Nauseated, legs weak, and a game to play in a few hours.
And boy, what a bad time for it.
His Denver Broncos were floundering. Just a month ago, Denver was 7-3 and tied for the lead in the AFC West. Then came back-to-back overtime losses. Then a late interception at the goal line. Three consecutive losses.
By mid-December, Denver was 7-6 and tied for last in the AFC West, the season just about squandered into mediocrity.
As the Broncos were watching a once-promising season slip away, the Kansas City Chiefs were salvaging theirs. The Broncos had dropped the Chiefs to 3-4 back in Week 7, but the Chiefs had since won four of their last six games.
“Both are clinging to hope,” the Associated Press wrote of the Broncos and Chiefs ahead of their Week 15 matchup, “knowing a loss will leave them home for the playoffs.”
The local Denver media opted for pessimism. “[Y]ou and I both know that [the Broncos] are history,” wrote Rick Jussel of the Daily Sentinel the day of the game. “…toast…dead meat…yesterday’s news.”1
Portis kept his illness to himself. He got ready, headed to the stadium, and began warming up.
It must be hell playing running back in the NFL. It’s the running back’s job to run directly at some of the largest people on earth, somehow get through or around them, and then outrun some of the fastest people on earth. And when they’re not doing that, they’re running into and blocking those same very large people.
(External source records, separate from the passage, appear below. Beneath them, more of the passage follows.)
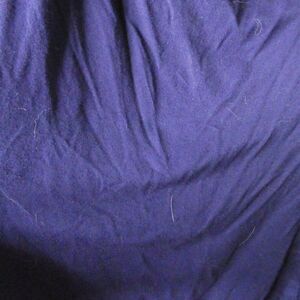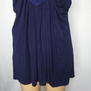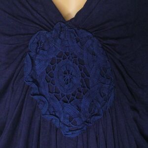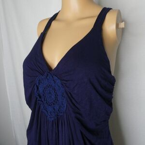 Beautiful dark blue tank with draped front, crocheted applique at the bust, and crossed straps in the back. It has some fuzzies/pilling but is overall in great condition.
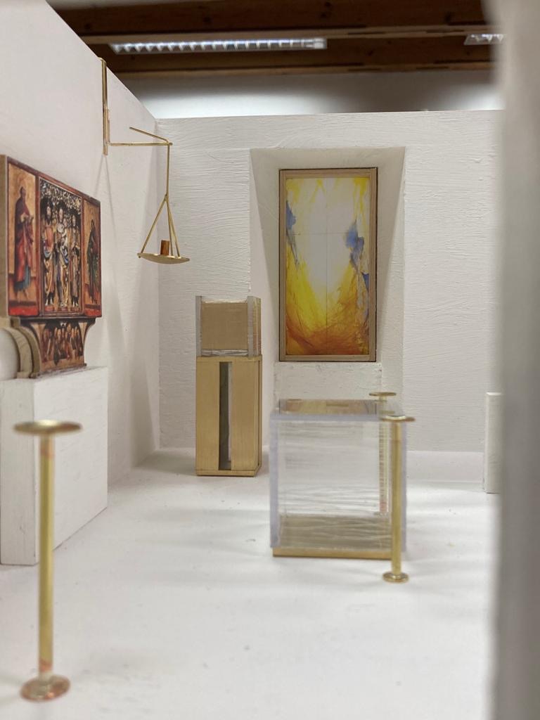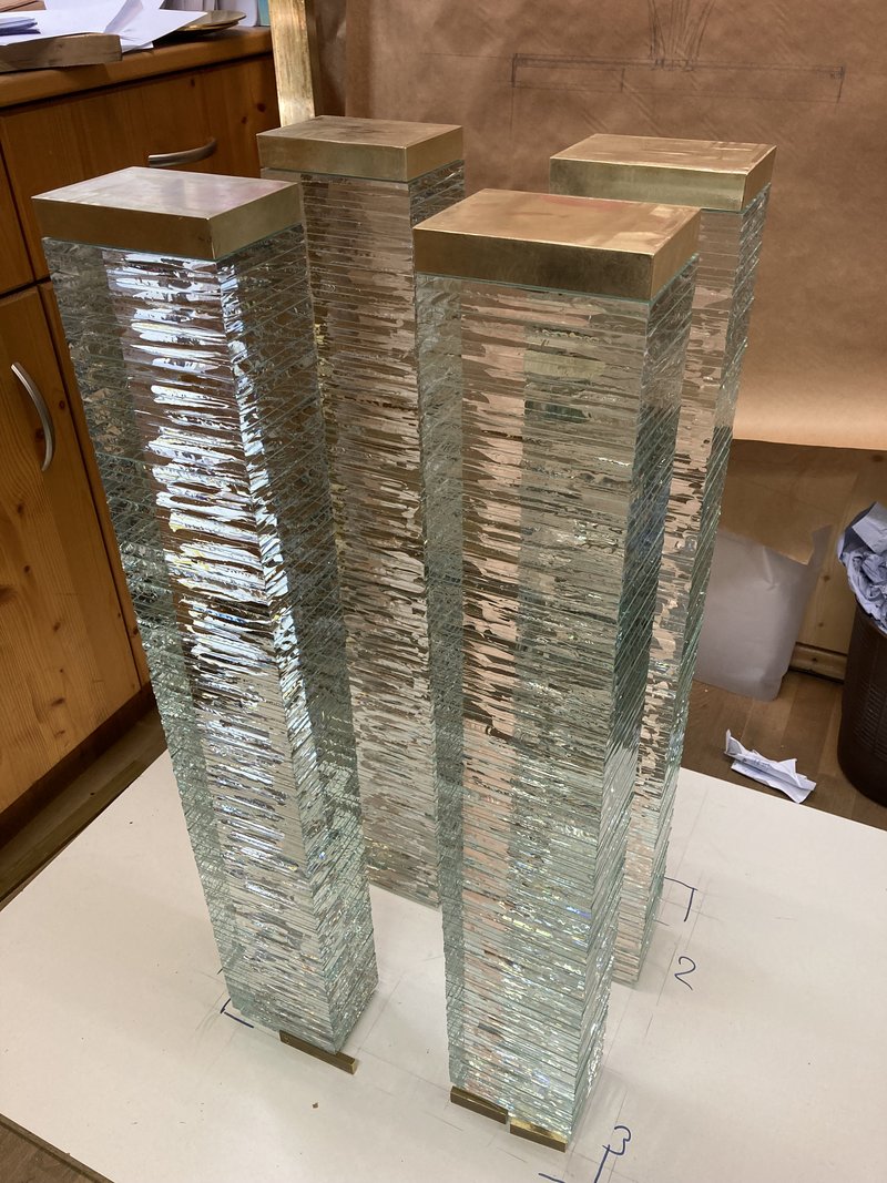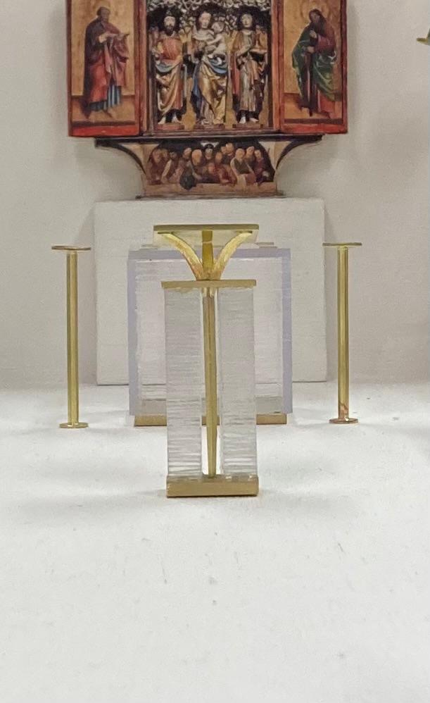 Von Woche zu Woche konnte man wahrnehmen, wie Tabernakel, Altar, Ambo und das Ewige Licht entstanden sind. Jedes einzelne Objekt basiert auf dem Hintergrund der Dreifaltigkeit. Die Materialien Messing, Glas und Gold geben der Innenausstattung der neuen Chorkapelle ein besonderes Flair.
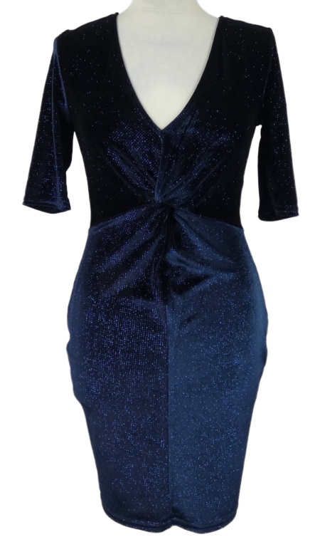 Dámske tmavomodré trblietavé zamatové šaty
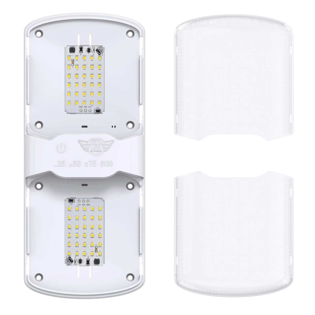 Leisure LED RV LED Ceiling Double Dome Interior Light Fixture Touch To Dim Switch Natural White 4000-4500K 60-2835SMD
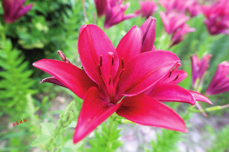百合花種類繁多,形態(tài)各異。純凈高雅的白色、熱情嫵媚的紅色、明麗澄澈的橙黃、浪漫俏皮的粉紅、雍容華貴的紫色,形似漏斗,又如喇叭,或向上開花,張揚(yáng)外翻、極端華麗,或含露低垂,矜持含蓄、超凡脫俗?;ㄩg蜂蝶飛舞,暗香浮動(dòng),游人三五成群,在花叢合影拍照,游玩嬉戲,好不愜意。市民王女士對(duì)這里贊賞有加:“看到這五顏六色的百合花,我的心情像盛開的花一樣,特別美!這里每季有每季的花開,每次來都有不一樣的驚喜和精彩?!?/p>
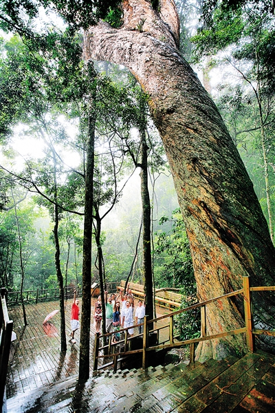 当车行至半山腰的雅加度假中心后下车步行,岭内建有“情道”“霸道”“天道”3条供游览、科考的木质攀登栈道,总长约4公里,栈道设计巧妙结合山体沟谷,热带雨林、瀑布溪流等景观资源,并融汇一体,让游客在清凉舒爽中体验原始生态的山野观赏。
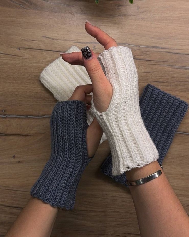 BU İLANI SATIN ALMAYIN YENİ İLAN AÇIYORUM İKİ GÜN İÇİNDE KARGO Yumuşak örgü kumaştan yapılmış, beyaz ve gri renklerde kadın parmaksız eldivenler. Rahat ve bohem tarz sunar.

It’s no wonder running backs have the shortest average career length of all positions, just two-and-a-half years. The position places impossible demands on those who play it.
Today, Portis faced those impossible demands with a body weakened by the flu.
He’d barely eat before the game, nearly vomit during it, and sit alone in the tunnel as the game ended, physically and metaphorically too sick to watch the Chiefs attempt to tie the game in its waning seconds.2
He’d also commence one of the most stunning collective achievements in American football history.
Although nobody would notice for years.
It’s often said that the Miami Hurricanes are college football’s greatest program.
Well, maybe not so much in South Bend. Or in Tuscaloosa, Columbus, or Ann Arbor.
But me, my friends, people in South Florida. We say it a lot. Loudly. Annoyingly.
To be fair, we have a pretty good case. The five national titles. The two Heisman Trophy winners. All those first-round draft picks. The three first-overall draft picks. The Hall of Famers, 16 for college football, 11 for pro football, two for both.
And then there’re the names.
Jim Kelly and Vinny Testaverde. Michael Irvin and Jerome Brown. Russell Maryland and Cortez Kennedy. Warren Sapp and Ray Lewis. Edgerrin James and Dan Morgan. Reggie Wayne and Santana Moss. Jeremy Shockey and Ed Reed. Andre Johnson and Willis McGahee. Frank Gore and Greg Olsen. Devin Hester and Jimmy Graham.
Maybe Miami’s the greatest program of all time. Maybe it’s not. But one thing’s indisputable.
The University of Miami was the greatest college football program of the 2000s.
And that comes down to one singular achievement, accomplished across nearly a decade in places far from the Orange Bowl. Nearly three dozen Hurricanes claim it, the oldest drafted in 1987, the youngest undrafted in 2010. An aberration so massive in scale that it constitutes a statistical epidemic.
And it commenced on a December afternoon in Denver.
The Broncos selected Portis in the 2002 NFL Draft out of the University of Miami.
“When I looked around [at the draft],” Portis said of leaving Miami early, “I didn’t see anybody who was so much better than me at running back on any other team.”
That confidence was well earned. He’d started as a true freshman, turning in 147 yards in his first games as a starter, and later that season put together a streak of four consecutive 100-yard games, missing his fifth by just two yards.3
A couple years later as a junior, he’d led an impossibly deep Hurricanes backfield (Portis, Frank Gore, Willis McGahee, Najeh Davenport) in rushing with 1,200 yards and 11 touchdowns (10 rushing, one receiving). He was a third-team All-American and won a national title.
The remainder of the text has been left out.